→ **WHAT IS BEING ASKED**
Lines from the line with "Η συζήτηση θα" to the line with "He also appeared" in the entries below, and only those, must be output exactly, with both ends included.

→ **GIVEN DATA**
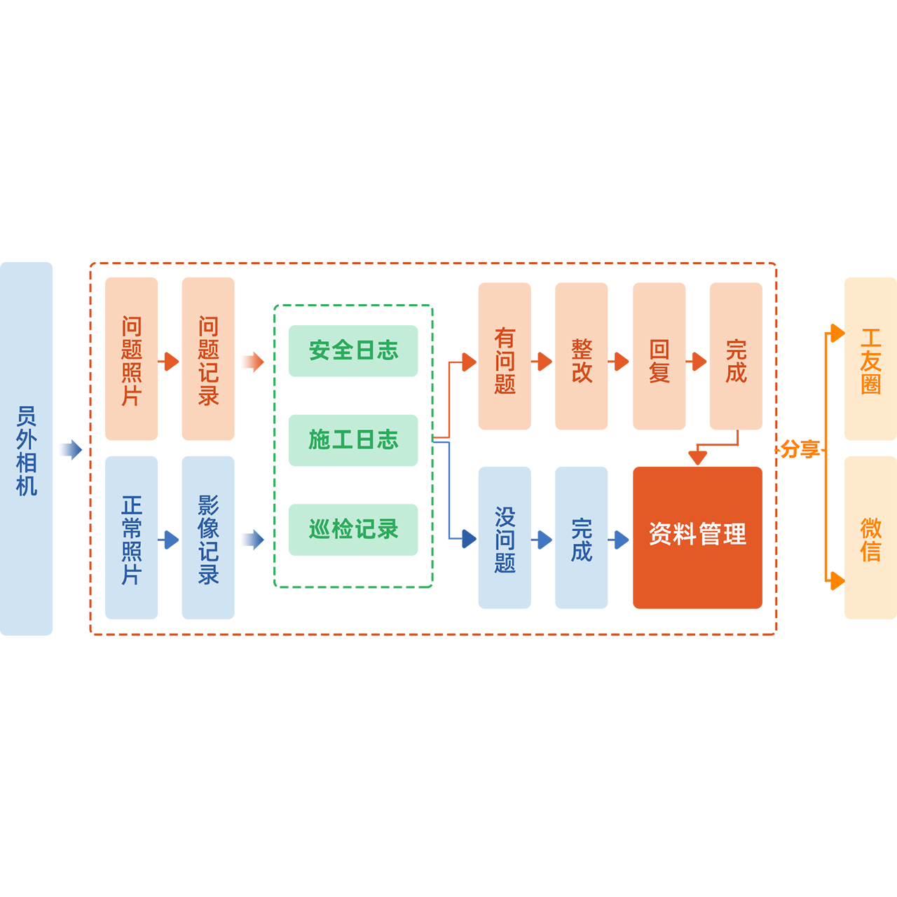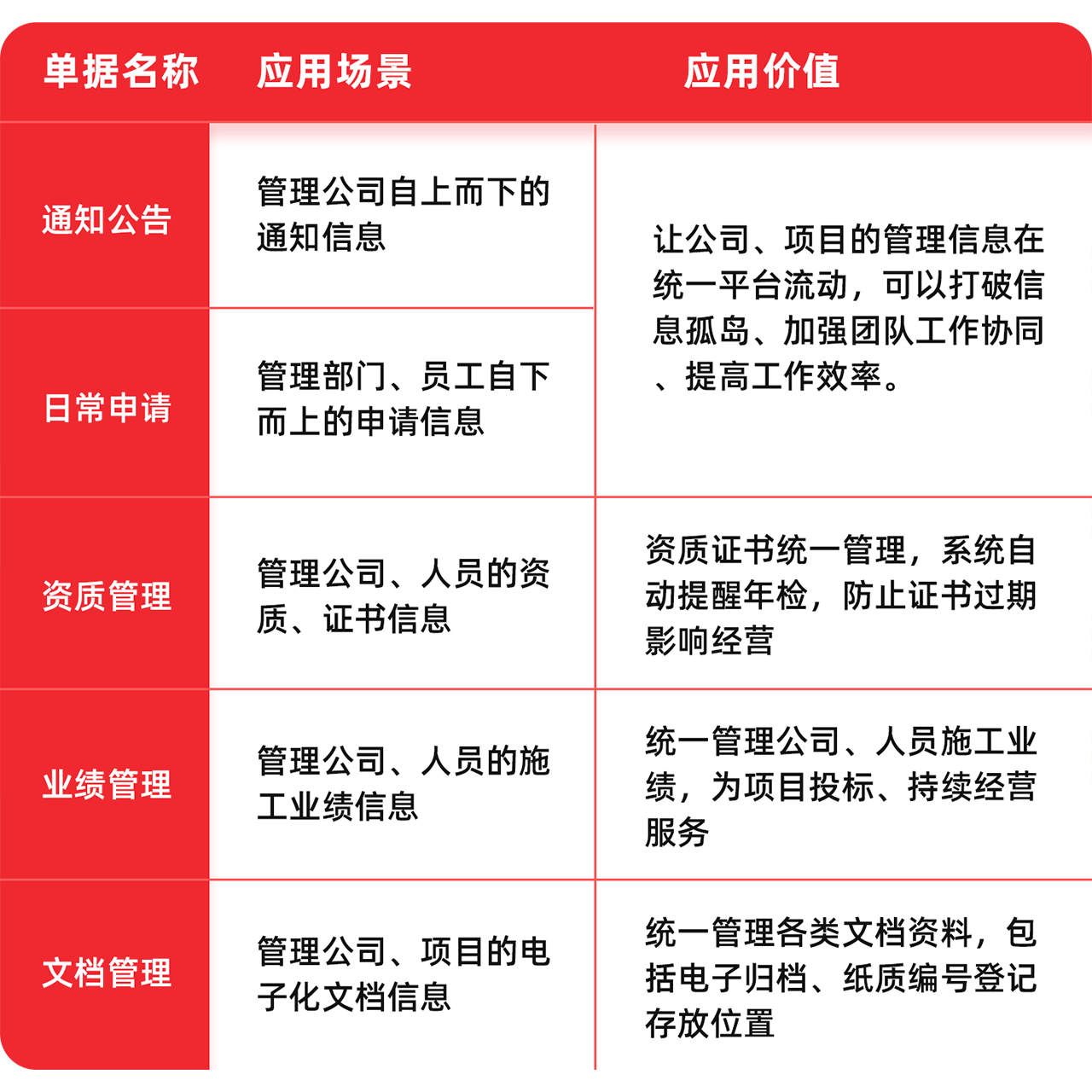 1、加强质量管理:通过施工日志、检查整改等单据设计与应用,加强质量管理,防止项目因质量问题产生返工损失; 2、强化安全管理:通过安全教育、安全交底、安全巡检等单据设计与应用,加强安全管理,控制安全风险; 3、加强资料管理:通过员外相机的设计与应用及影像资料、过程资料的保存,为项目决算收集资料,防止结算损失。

--

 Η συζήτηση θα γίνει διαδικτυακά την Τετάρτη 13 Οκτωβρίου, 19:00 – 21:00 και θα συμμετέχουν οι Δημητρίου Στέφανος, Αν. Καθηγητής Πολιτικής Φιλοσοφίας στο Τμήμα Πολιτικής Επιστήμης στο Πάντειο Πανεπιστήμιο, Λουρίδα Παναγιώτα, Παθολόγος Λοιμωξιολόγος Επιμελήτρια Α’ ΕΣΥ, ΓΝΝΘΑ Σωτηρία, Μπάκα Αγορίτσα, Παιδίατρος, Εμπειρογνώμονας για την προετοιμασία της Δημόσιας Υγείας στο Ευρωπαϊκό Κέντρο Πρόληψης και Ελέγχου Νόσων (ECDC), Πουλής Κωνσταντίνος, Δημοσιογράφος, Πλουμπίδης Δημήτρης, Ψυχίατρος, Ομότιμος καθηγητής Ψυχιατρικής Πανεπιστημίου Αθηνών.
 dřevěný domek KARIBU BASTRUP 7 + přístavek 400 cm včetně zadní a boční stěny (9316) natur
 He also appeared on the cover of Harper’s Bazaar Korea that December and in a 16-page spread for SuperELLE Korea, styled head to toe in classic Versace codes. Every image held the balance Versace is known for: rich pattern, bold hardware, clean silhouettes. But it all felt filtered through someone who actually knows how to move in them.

→ **WRITTEN RESPONSE**
 Η συζήτηση θα γίνει διαδικτυακά την Τετάρτη 13 Οκτωβρίου, 19:00 – 21:00 και θα συμμετέχουν οι Δημητρίου Στέφανος, Αν. Καθηγητής Πολιτικής Φιλοσοφίας στο Τμήμα Πολιτικής Επιστήμης στο Πάντειο Πανεπιστήμιο, Λουρίδα Παναγιώτα, Παθολόγος Λοιμωξιολόγος Επιμελήτρια Α’ ΕΣΥ, ΓΝΝΘΑ Σωτηρία, Μπάκα Αγορίτσα, Παιδίατρος, Εμπειρογνώμονας για την προετοιμασία της Δημόσιας Υγείας στο Ευρωπαϊκό Κέντρο Πρόληψης και Ελέγχου Νόσων (ECDC), Πουλής Κωνσταντίνος, Δημοσιογράφος, Πλουμπίδης Δημήτρης, Ψυχίατρος, Ομότιμος καθηγητής Ψυχιατρικής Πανεπιστημίου Αθηνών.
 dřevěný domek KARIBU BASTRUP 7 + přístavek 400 cm včetně zadní a boční stěny (9316) natur
 He also appeared on the cover of Harper’s Bazaar Korea that December and in a 16-page spread for SuperELLE Korea, styled head to toe in classic Versace codes. Every image held the balance Versace is known for: rich pattern, bold hardware, clean silhouettes. But it all felt filtered through someone who actually knows how to move in them.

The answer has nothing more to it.